May 10, 2021
In the latest episode of the Waste360 NothingWasted! podcast, we catch up with waste industry veteran – Bill Caesar, who is now operating partner at Generate Capital.
Learn what Caesar has been doing since the GFL acquisition, the evolution of the circular economy, investing in sustainable technologies, human-centered leadership and more. And did you know he was in the CIA?
Here is a glimpse into the discussion:
Waste360: Could you tell us a little about your background before you joined Generate?
Caesar: I was formerly the CEO of a company called WCA waste — a traditional solid waste collection, disposal, and recycling company headquartered in Houston, Texas. We were owned by a private equity firm, and we took that business from about $250 million in revenue when I got there in 2014 to a little over $400 million in revenue when we sold the business in 2020. Before WCA, I spent four years at Waste Management and ran the recycling business. I also had responsibility for their portfolio of investments in early-stage technologies and services. For the 13 years before Waste Management, I was a partner at McKinsey & Company; spent some time at business school; and for the six years after college and before business school, I was at the CIA.

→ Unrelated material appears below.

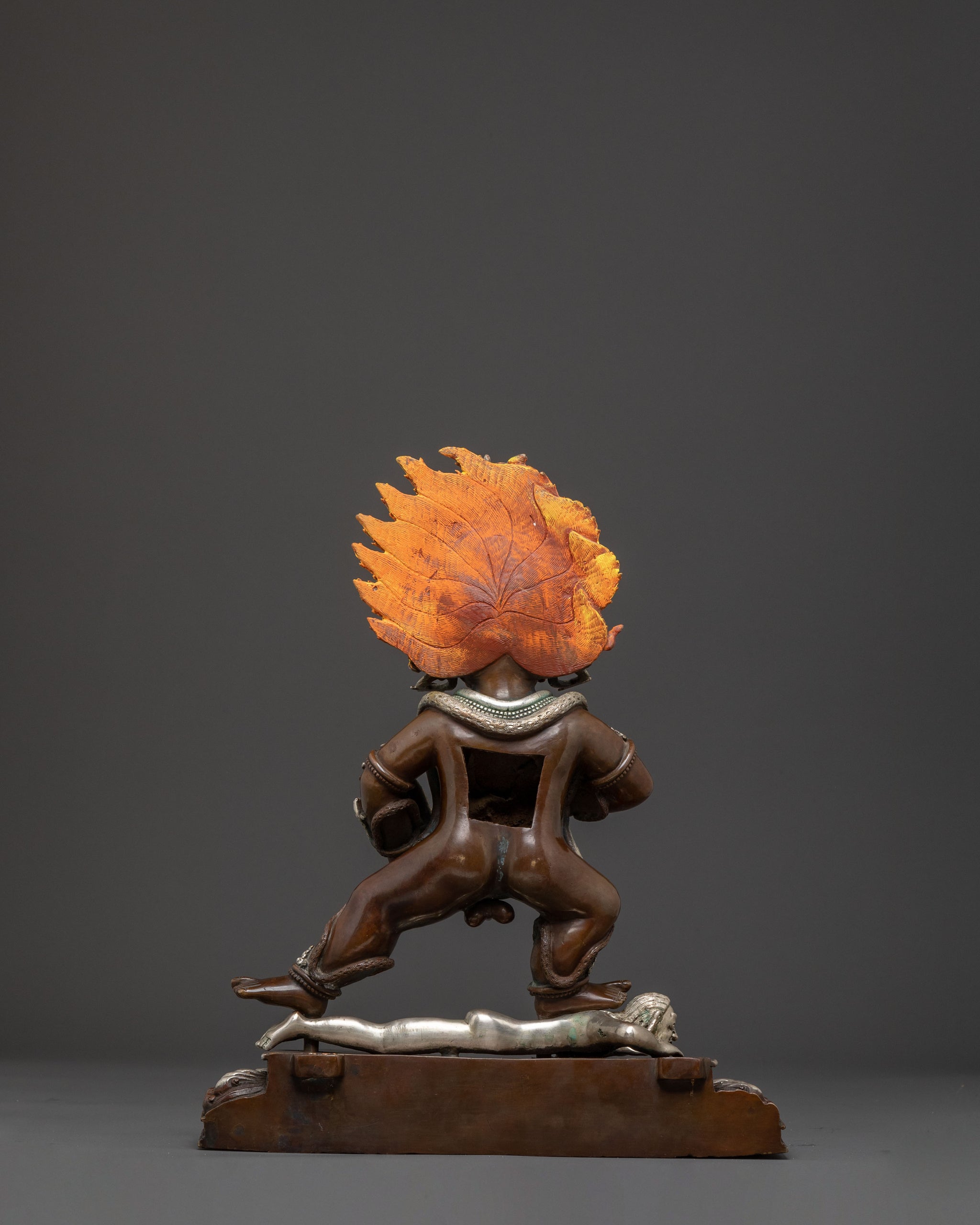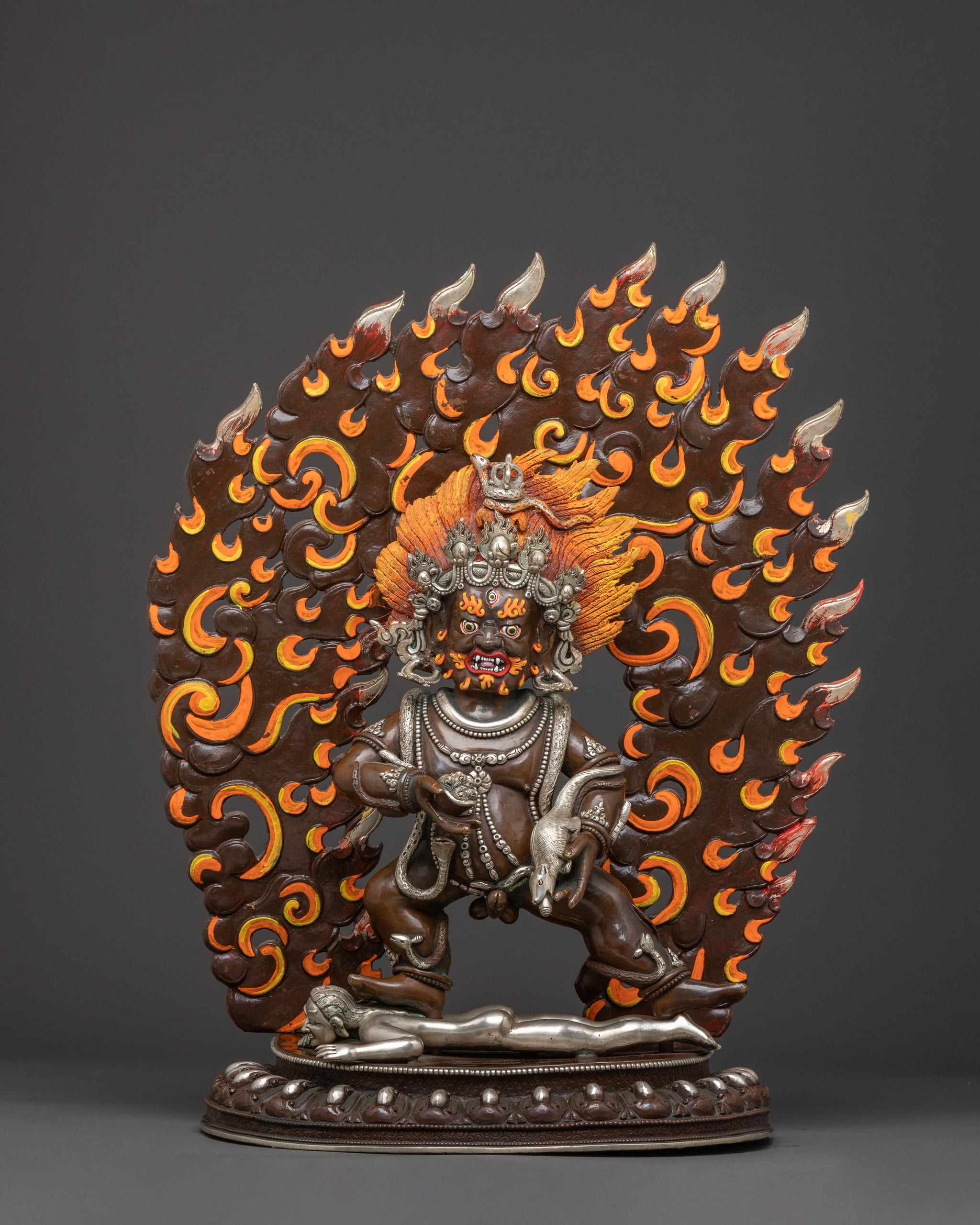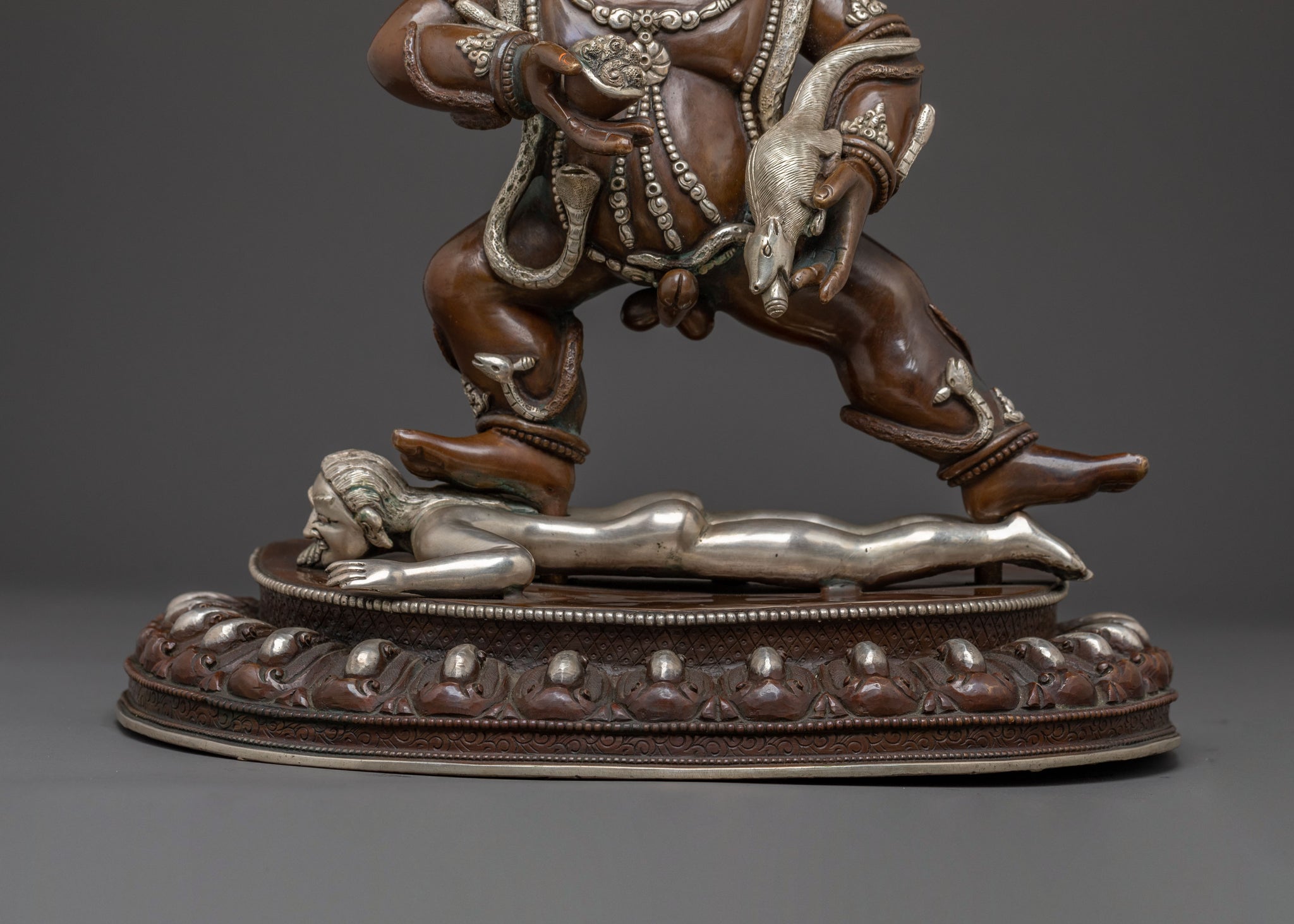 This Black Dzambhala handcrafted statue stands at 20.08 inches (51cm) in height with a base measuring 16.14 inches (41cm) and weighs 8.85 kg. Crafted from an oxidised copper body and enhanced with silver electroplating and acrylic paintings, this piece reflects refined Himalayan metal artistry. Handcrafted in Nepal by skilled artisans, it is well-suited for personal altars, shrines, meditation spaces, or spiritual décor collections.

Waste360: Can you tell us more about Generate and the work you do there?
Caesar: Generate was set up to meet the needs of customers, entrepreneurs, and technologists who are on either side of developing technologies that have a real sustainability element to them—as well as entities that want to use those technologies. The founders saw a bit of a gap between when a technology is identified as something folks are willing to fund as a venture investment—and when customers are willing to invest in it. So Generate is set up to meet that need. We like to call it ‘infrastructure as a service.’ If you are a municipality or a large corporate and you have a need for a piece of sustainable infrastructure—something like an anaerobic digester or electric buses—we step in and provide the capital to acquire those assets. We will operate the assets and, in return, the customer will pay us a fee, which turns into an operating expense for them (rather than a capital expense). It’s a real win-win because the customer is getting an asset that they didn’t have to shell out a lot of capital for; they’re getting the benefit of whatever the asset is doing; and our investors are getting a return that meets their needs. We’re filling a gap between traditional bank lending or private-equity investing and where venture capitalists play. It’s both financially attractive and sustainable.
Waste360: What is Generate’s primary driver?
Caesar: We see our business as one that is designed to address challenges associated with sustainability and tackle that in a way that leverages what we like to call distributed infrastructure. We try to get into things where you can make a difference at a scale that is appropriate both for the technology as well as for the customer.
Waste360: The world seems to be realizing that its economies need to be less linear and more circular. You’ve been doing this a long time in the waste industry and now with Generate. When did you start to see this becoming really tangible and something we all need to work toward?
Caesar: In the mid-2000s and early 2010s, there was a lot of activity and effort around reuse. There wasn’t a whole lot of ‘reduce.’ But, coming out of the 2008 economic crisis, there started to be a transition — as a lot of manufacturing companies and retailers started to realize there were savings available to them by reducing the amount of either packaging or raw materials. I think that was when we first started to see changes in these companies’ practices — that looked at not only ‘what can we do with this waste material that we’ve created, in order to extract value from it?’ But ‘can we reduce the amount of waste material that we’re generating?’ And I think a lot of companies sort of got religion on that.
Waste360: You spoke at our last live WasteExpo — and I was really touched by the human side of leadership that you discussed, related to your work at WCA. Do you miss that aspect at all?
Caesar: Running a business is the hardest thing I have done in my professional career — and it wasn’t because the business problems were so challenging. It was because managing people is a hard thing to do, and in a big organization you have all kinds of people and all kinds of situations. But it’s also extraordinarily rewarding to be put in a position where you can help create a culture and help develop people personally and professionally — and to feel like you’re making a difference.